Some news has been floating around the Internet where a Google Security Researcher has found and helped in patching a critical vulnerability with Keeper. Keeper is a password manager application is being distributed inbuilt with various copies of Windows 10 this year. Hence, this vulnerability potentially made a large number of machines a target for exploits.
Keeper app contained a critical vulnerability – now patched
Travis Ormandy is the Security Researcher who found this vulnerability said:
I remember filing a bug a while ago about how they were injecting privileged UI into pages. “I checked and, they’re doing the same thing again with this version.
He also demonstrated the attack, and as a part of Project Zero, and shared some details as well. He informed that the bug is subjected to a 90-day disclosure deadline which means that once 90 days are up, Tavis is free to share the details about the bug and how to exploit it publically.

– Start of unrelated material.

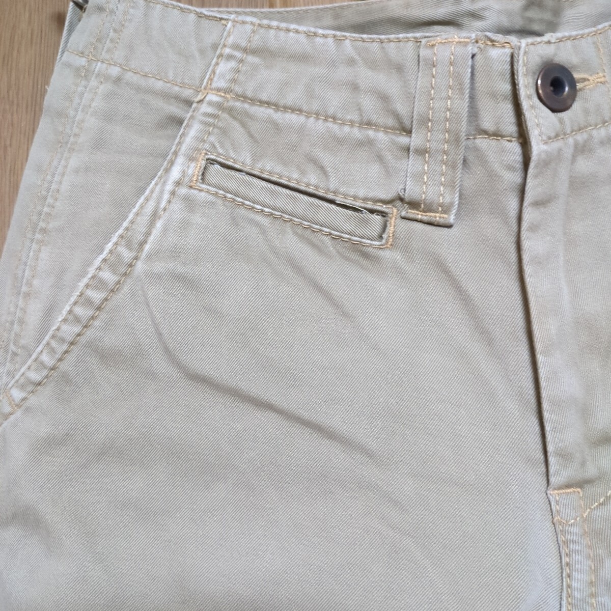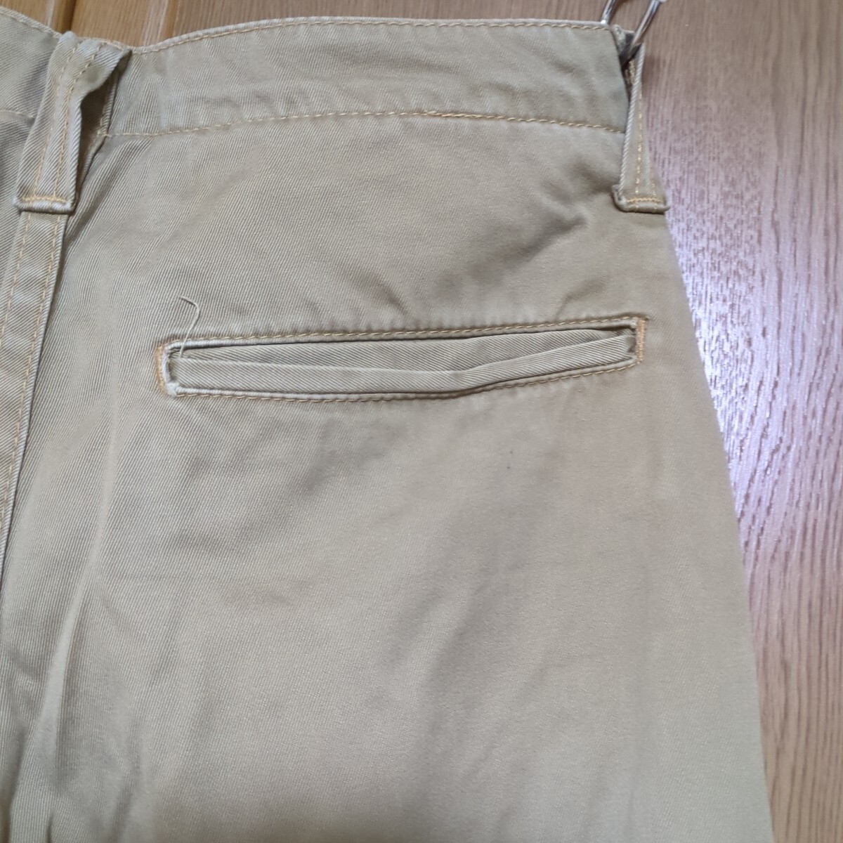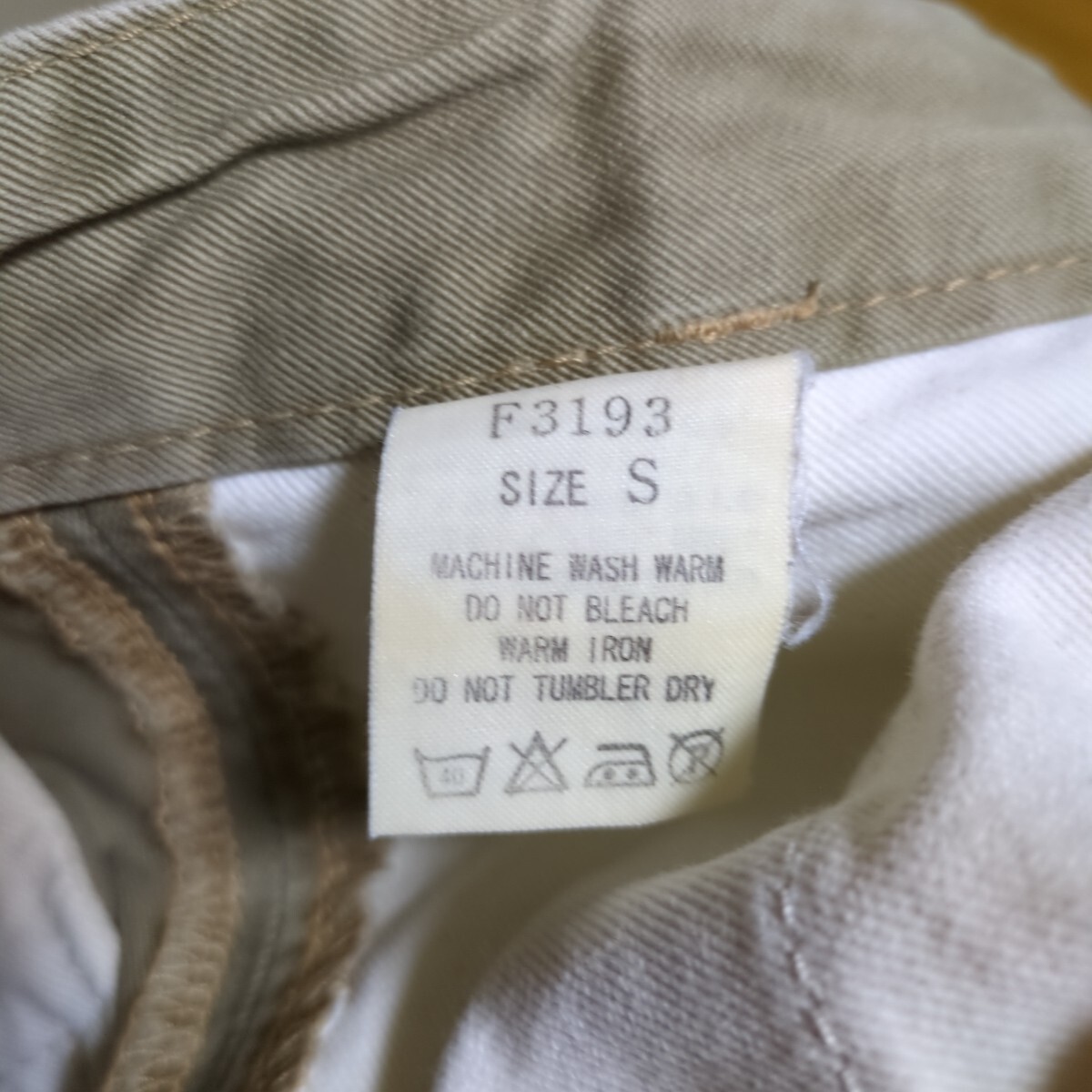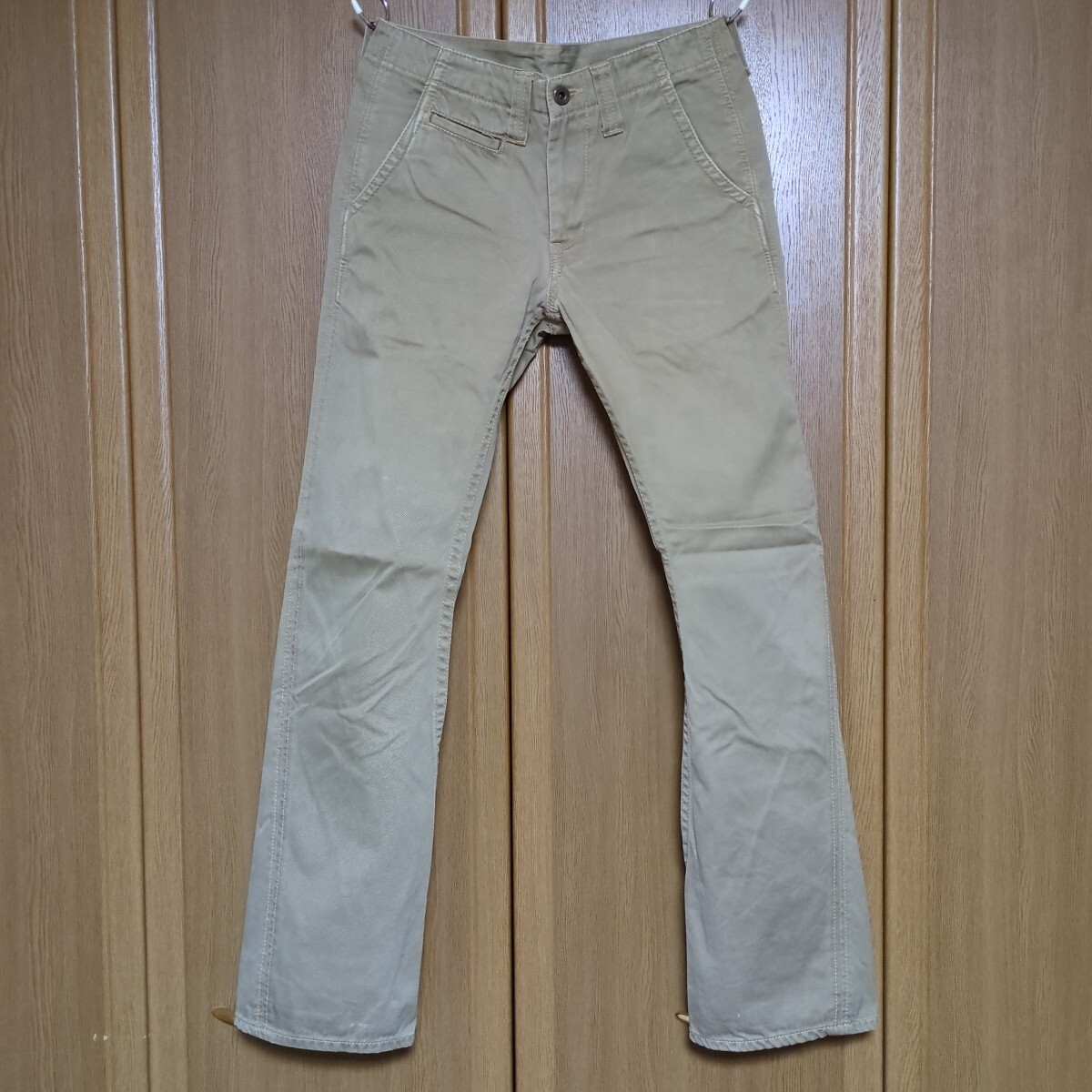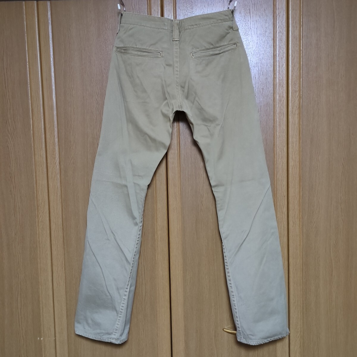 日本製、スタジオエクル社製(FOBでおなじみのメーカーです)のチノパンです。コットンしっかりしたいい生地です。若干の使用感、擦れございますが、特に大きなダメージも無く、まだまだ着用して頂けるかと思います。あくまでもUSED品になりますので、神経質な方、古着のご理解のない方、不慣れな方の入札お断りです。サイズは、メーカー表記Sで、平置き採寸で、ウエスト38センチ、股下78センチ、前股上24センチ、太もも辺り24センチ、裾幅21センチです。素人採寸ですので多少の誤差はお許しください。

Well, the user may take a sigh of relief because Keeper has already marked this issue as resolved and a new fix is pushed via an update to the app. They said in a blog post that:
All customers running Keeper’s browser extension on Edge, Chrome and Firefox have already received Version 11.4.4 through their respective web browser extension update process. Customers using the Safari extension can manually update to version 11.4.4 by visiting Keeper’s download page. No reports of any customers affected by this bug have been reported to Keeper. Mobile Apps and Desktop Apps were not affected and do not require updates.
Now, it is safe to download this password manager extension from the respective stores of your browsers. It is available for Windows, MacOS, and Linux as a native app and as a browser extension on Internet Explorer, Microsoft Edge, Mozilla Firefox, Google Chrome, and Safari.